WORK REQUIRED:
An exact copy of the data is required. No picture may appear in it.

PROVIDED MATERIAL:

☆ ☆ ☆ ☆ ☆

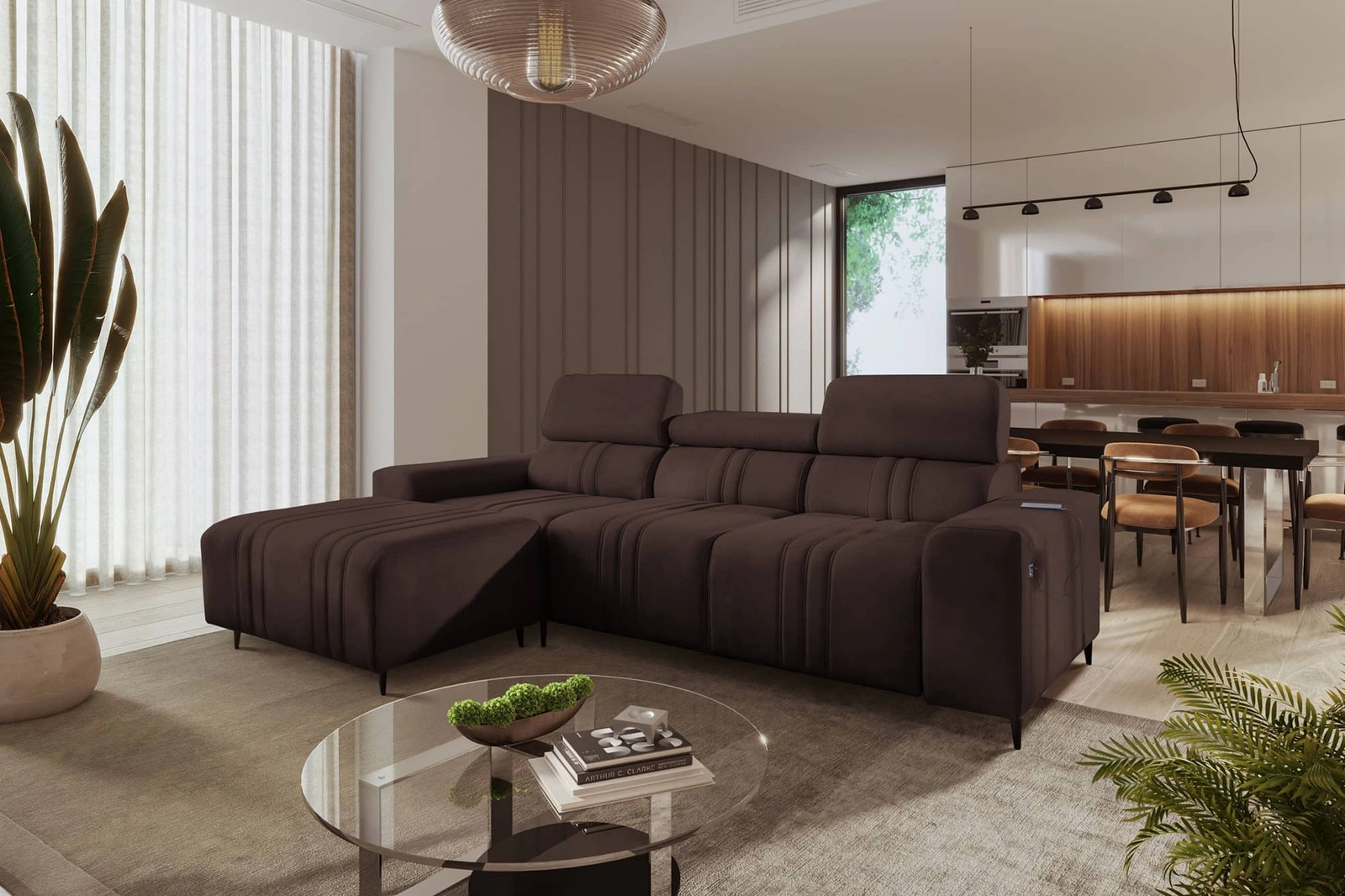 Rohová pohovka Castel v hnědé barvě s nastavitelnými opěrkami hlavy je mimořádně elegantní kus nábytku se zajímavou povrchovou úpravou.
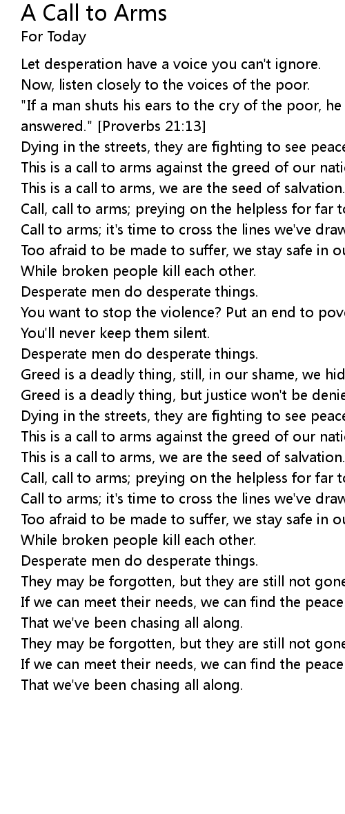 Call to arms; it's time to cross the lines we've drawn. |
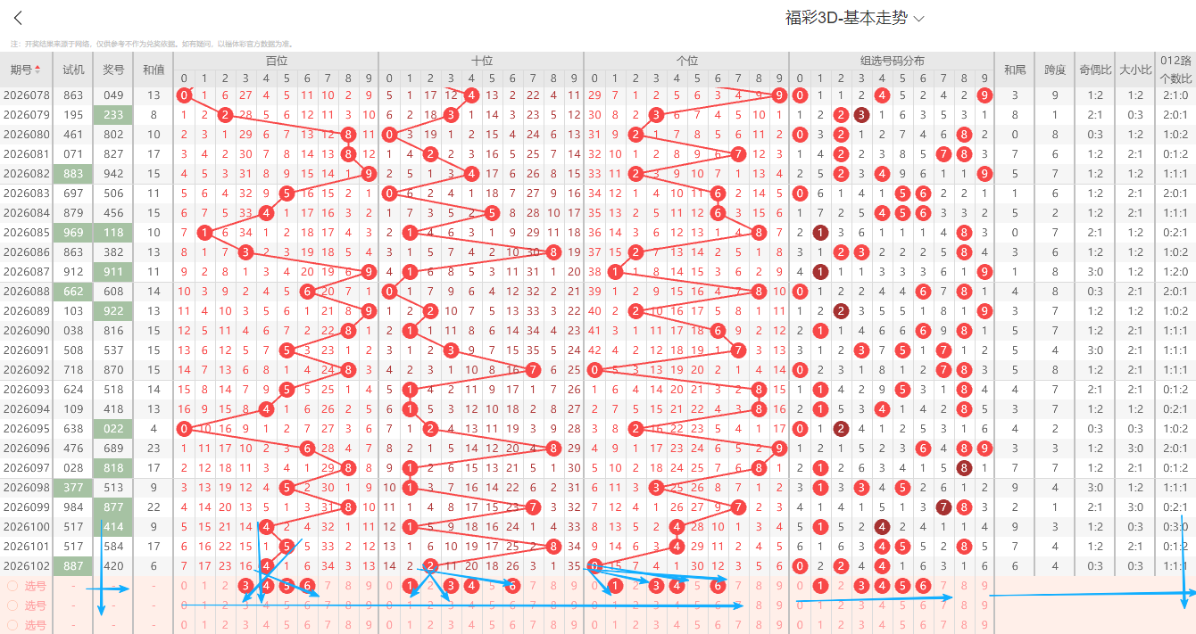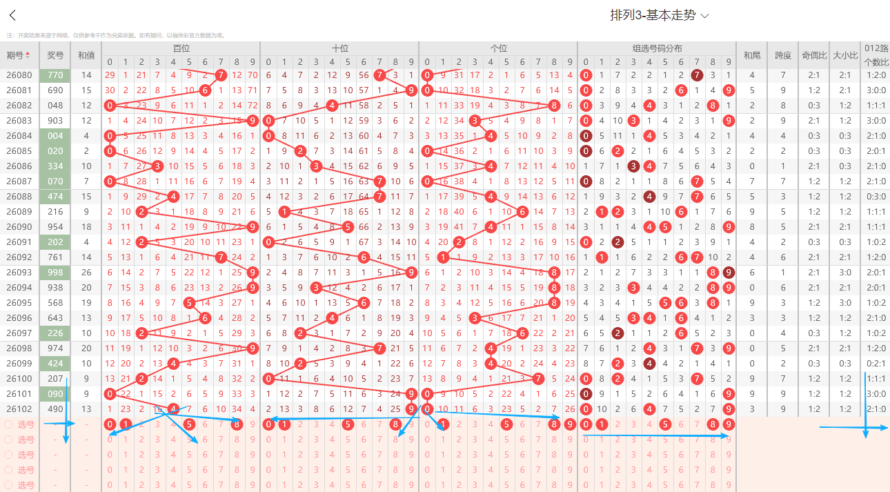 ①百位:上期开出小号偶数4号,在历史开奖记录中显示一般正常的奇偶周期平均在1~3期为普遍现象,上期出现奇偶互变为偶数1路号码,依据奇偶以及012路周期性规律的转变特征点即本期0路号码有开出的趋势1路号码注意预防。

☆ ☆ ☆ ☆ ☆

RESULT OF THE EXERCISE:
 Rohová pohovka Castel v hnědé barvě s nastavitelnými opěrkami hlavy je mimořádně elegantní kus nábytku se zajímavou povrchovou úpravou.
 Call to arms; it's time to cross the lines we've drawn. |
 ①百位:上期开出小号偶数4号,在历史开奖记录中显示一般正常的奇偶周期平均在1~3期为普遍现象,上期出现奇偶互变为偶数1路号码,依据奇偶以及012路周期性规律的转变特征点即本期0路号码有开出的趋势1路号码注意预防。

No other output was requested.